Clara pediu que a comida fosse deixada na porta e dispensou o serviço de mordomo para aquela refeição. Assim ela e Jack poderiam ficar tranquilos, apenas namorando nos braços um do outro e jantar vestindo seus robes.

- Querido, acabei de ter uma ideia... - disse Clara. - Por que não investigamos nós mesmos o desaparecimento da tal garota? Eu quero dizer, pode ser que ela esteja viva por aí, cuidado de filhos e netos e se a acharmos, desmontaremos completamente o livro desse cara...

- Mas como fazer isso? Já faz muito tempo e se a policia não conseguiu achá-la, por que você acha que conseguiremos?

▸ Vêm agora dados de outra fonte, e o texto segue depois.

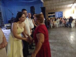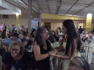 A primeira-dama Érica Cordeiro Bezerra Dias e o prefeito Cléber Dias da Silva fizeram questão de expressar a satisfação de ver tanta gente juntas para celebrar a vida e seus momentos felizes. Ao lado do prefeito Clóvis Nascimento e da primeira- dama Marilza Araújo Nascimento (Taquarussu) e da prefeita Cileide Cabral e do vice Tiquinho (Jateí), os anfitriões Cléber e Érica  saudaram os presentes e deram as boas vindas à Vicentina.

- Eu sou uma repórter ainda... Sei como pesquisar, podemos começar pela cidade de origem dela, procurar onde foi registrado o desaparecimento, os arquivos de jornais da época, buscar pistas, falar com os policiais que fizeram a investigação...

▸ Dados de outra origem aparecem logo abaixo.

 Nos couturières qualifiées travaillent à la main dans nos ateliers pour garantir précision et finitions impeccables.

- Bom, se me lembro direito, ela era de Santa Barbara. Mas você acha que seria capaz de achá-la? Meu medo é a imprensa saber que você está pesquisando e resolver fazer mais sensacionalismo em cima disso.

- Podemos contratar um detetive particular... ou melhor, o Michael pode contratar... que tal?

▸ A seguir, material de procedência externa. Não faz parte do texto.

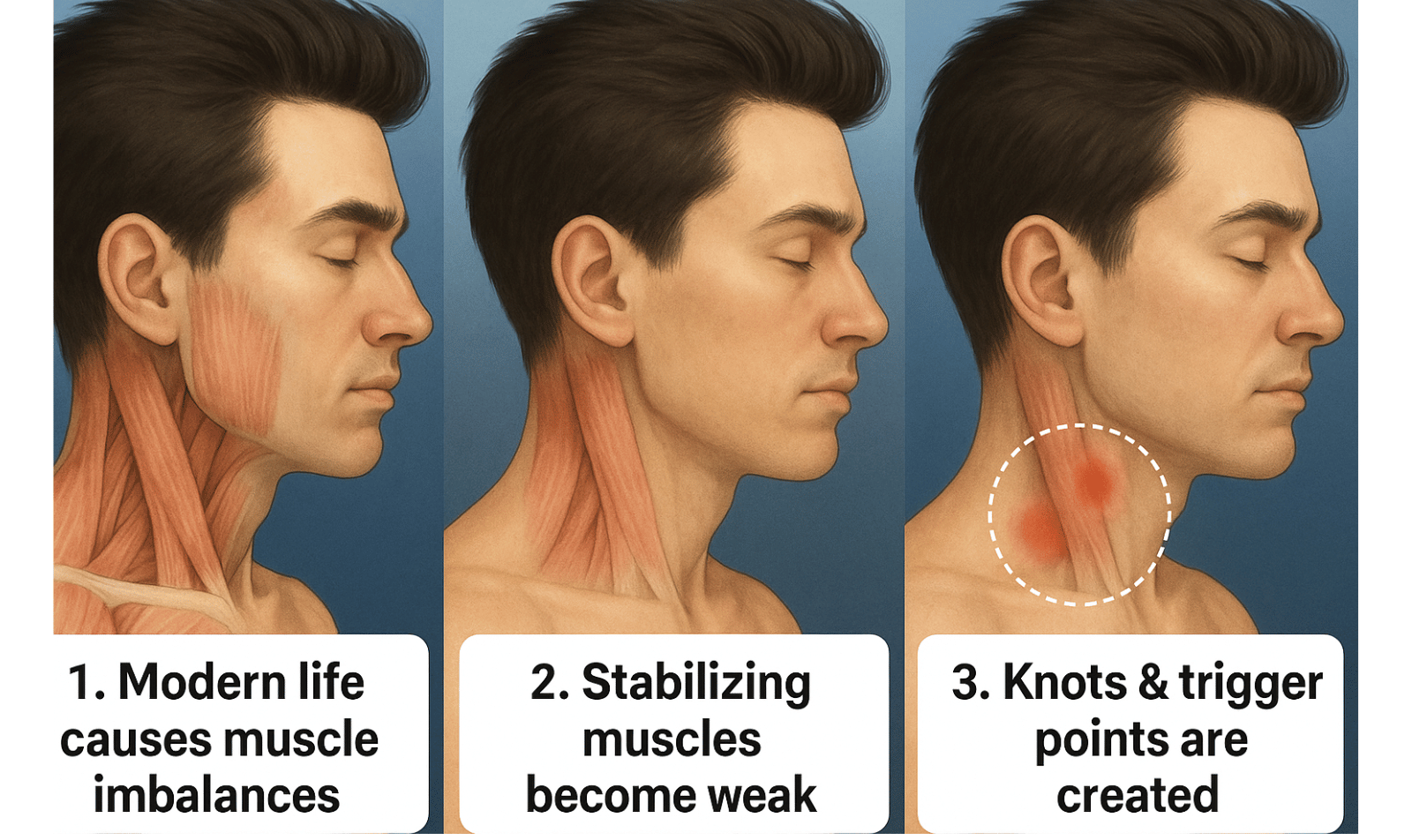 - Your neck and shoulder muscles have become weak and imbalanced from years of modern life - hunching over computers, looking down at phones, and sleeping in awkward positions.

- Genial! Assim não nos expomos e se essa mulher for achada, fazemos o maior barulho...

- E terminamos esta história para sempre. Tem mais uma coisa que precisamos terminar... o nosso livro. Estou preocupada porque o tempo está passando, logo vamos para a estrada e nem terminei o terceiro capítulo ainda.

- Claro, amor... Mas você não trouxe o notebook, como você vai escrever?

- Não vou, posso ao menos adiantar algumas entrevistas e colocar no texto quando chegarmos em Londres...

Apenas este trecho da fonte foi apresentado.